NOT COMING HOME
So many marched out, so few came back.
So many walked away, so few return.
Over this Yorkshire street the sky is black
In these Yorkshire minds the memories burn
Of the lad from the farm
And the boy from the mill
And how they came to harm
On that blood-soaked hill
And the kid from the shop
And the mate from school
Flung over the top
Into that mud-filled pool.
Far from the Dales
And the Yorkshire breeze
Where a high cloud sails
Over Yorkshire trees.
The ones who came home think of them
And how they won’t come home again.
They think of those and so do I
Who wave from History’s long goodbye
The men who marched out full of hope
Now dangling from History’s rope
Who fade into History’s swirling mist
Who turned their cheek for History’s kiss.
Remember them this Armistice.
War of silent words
This Armistice weekend I always think about my dad, who died at the start of this century and who, while ever he was able, led the parade through Darfield on Armistice Sunday, his medals gleaming in the sun. He joined the Royal Navy in 1937 and served all through the Second World War, on boats tossed about in the heavy seas of history.
And I think about my grandad, his dad, who served in a Scottish machine gun regiment in the First World War and who survived despite being gassed but who, according to my dad, never talked about it, just like my dad hardly talked about his war. He certainly never wrote a poem about it.
And now, a hundred years after the end of the First World War, I start to think about how I might have written about it if I’d been involved. I marvel at the ability of writers like Wilfred Owen and Ivor Gurney to capture, albeit imperfectly, the sensation of what it would have been like to be in the hell hole of the front line.
I try to imagine myself at the age of 18, conscripted into a war they told me would be over by Christmas, with my notebook of half-written poems stuffed into my knapsack. At 18 I was, like any book-obsessed young man or woman, convinced that I was going to take the poetry world by storm and indeed I’d already had some verses published in the school magazine. Mainly because I was on the editorial committee.

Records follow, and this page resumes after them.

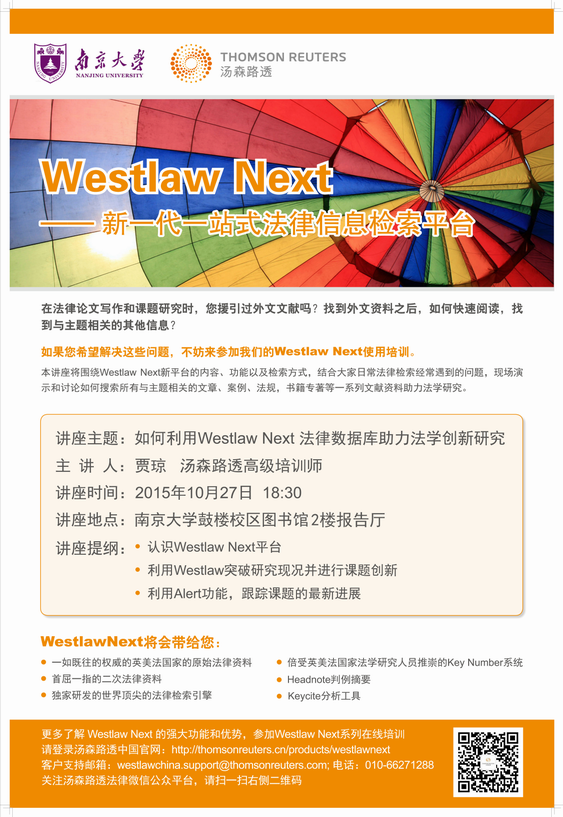 10月27日读书节系列讲座——如何使用Westlaw Next数据库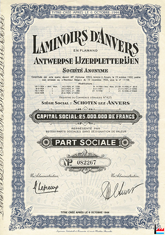 | 1948 | ![]() Action des Laminoirs d'Anvers - Antwerpse Ijzerpletterijen (Collection: industrie.lu) Siège social: Schloten - lez - Anvers |
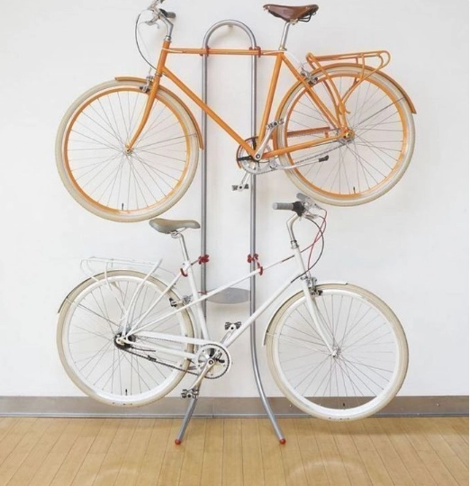 Стойки занимают место на полу, но не дают велосипеду упасть в самый неожиданный момент. Выбирайте на свой вкус — двухэтажные стойки, металлические или деревянные.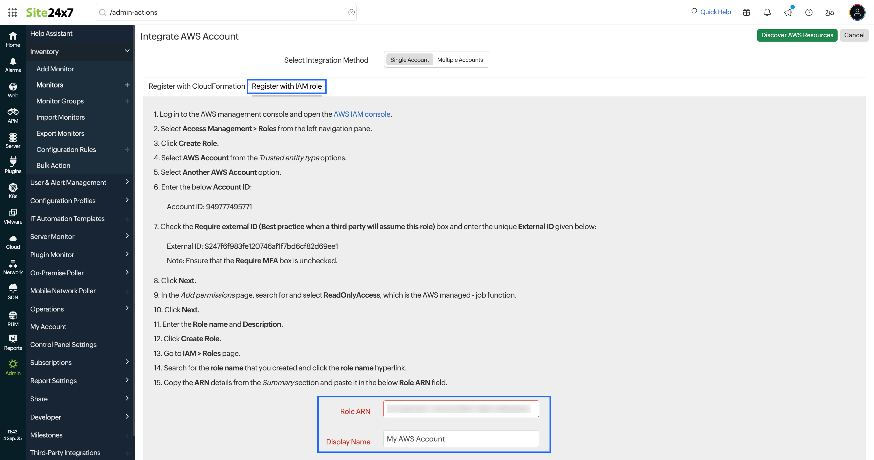 You can either create a cross-account IAM role between your account and Site24x7's AWS account (or) create Site24x7 as an IAM user (authentication by security credentials). Once you are done, log into the Site24x7 console paste the Role ARN (or) security credentials in the Integrate AWS Account form to enable the AWS integration.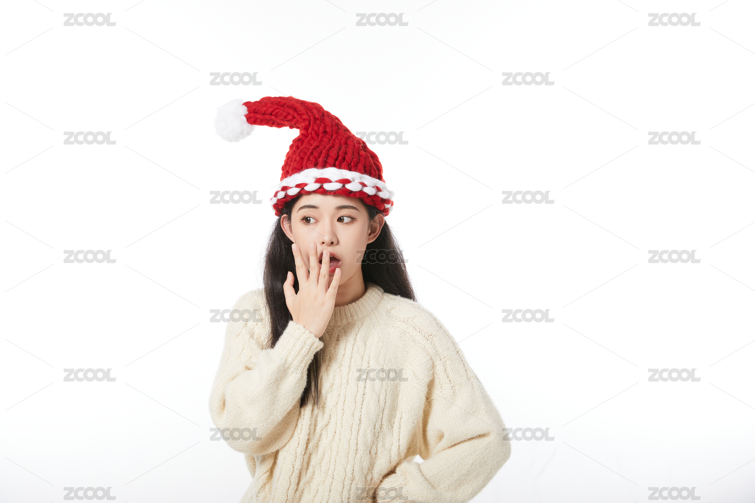 青春活力女性戴著圣誕帽捂嘴驚訝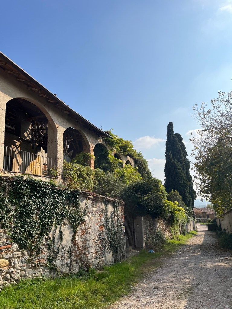 Una volta finito il Viale dei Cipressi, mi sono ritrovata davanti al Castello Crivelli che, purtroppo, non é visitabile. Ora é tutto transennato e presenta segni di degrato, come la zona circostante, ed é un vero peccato perché é al centro di un bel percorso pedonale che attira molti turisti camminatori ogni fine settimana. Le sue origini risalgono al 1026 come borgo fortificato, per trasformarsi nei secoli in raffinata villa nobiliare ad opera della famiglia Crivelli. Il complesso custodisce tracce medievali, affreschi rinascimentali, un elegante portico neoclassico e un imponente viale di cipressi che ne accentua la scenografia. Nonostante lo stato di conservazione complesso, resta uno dei riferimenti storici e paesaggistici più suggestivi della zona.

Young poets like me often take time to rub against the world and, as they say, “find their voice”. You drift around the world meeting people and talking to them and going to new places and reading books and standing up in whatever public forums are available to make stumbling efforts to read your poems aloud, whilst simultaneously wiping the sweat from your brow. In other words, if you’re lucky, you can have a long apprenticeship towards becoming a poet.
This wasn’t available to those hopeful bards who stumbled into the mud of the First World War; they drifted up and down the trenches meeting people by shooting at them or ducking their bullets. The new places they went to were ruins or field hospitals with walls made of pain and screaming. And if those young poets stood up to read their drafts aloud it may not have been sweat they were wiping from their brow.
I think the poet in me might have been silenced by the experience of being on the Western Front. And I guess that many other notebooks would have remained blank.
So, alongside the First World War poets that we all think about on this momentous Armistice, let’s spare a thought for the people full of promise who never wrote a thing, who were silenced by the guns and the fear. The poets who never were, the poets who could have been, and let’s remember them by writing poetry ourselves.